- Task goal -
The expected output is exactly the lines below, starting at the line with "Above is the" and ending at the line with "AVOIN colorlife Happy", both included; no other line belongs in it.

- Data supplied -
== Segment start ==

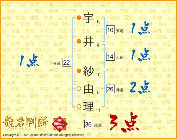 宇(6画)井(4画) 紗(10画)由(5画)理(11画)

== Segment end ==
== Segment start ==

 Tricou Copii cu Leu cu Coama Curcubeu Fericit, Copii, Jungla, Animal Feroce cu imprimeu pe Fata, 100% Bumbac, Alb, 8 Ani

== Segment end ==
== Segment start ==

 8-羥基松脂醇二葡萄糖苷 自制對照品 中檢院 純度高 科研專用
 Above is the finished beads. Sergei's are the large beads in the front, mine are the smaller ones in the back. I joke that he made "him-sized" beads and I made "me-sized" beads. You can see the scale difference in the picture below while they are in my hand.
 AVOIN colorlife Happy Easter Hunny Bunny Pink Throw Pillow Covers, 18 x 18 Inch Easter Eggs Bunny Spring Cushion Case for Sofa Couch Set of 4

== Segment end ==

- Solution to this problem -
 Above is the finished beads. Sergei's are the large beads in the front, mine are the smaller ones in the back. I joke that he made "him-sized" beads and I made "me-sized" beads. You can see the scale difference in the picture below while they are in my hand.
 AVOIN colorlife Happy Easter Hunny Bunny Pink Throw Pillow Covers, 18 x 18 Inch Easter Eggs Bunny Spring Cushion Case for Sofa Couch Set of 4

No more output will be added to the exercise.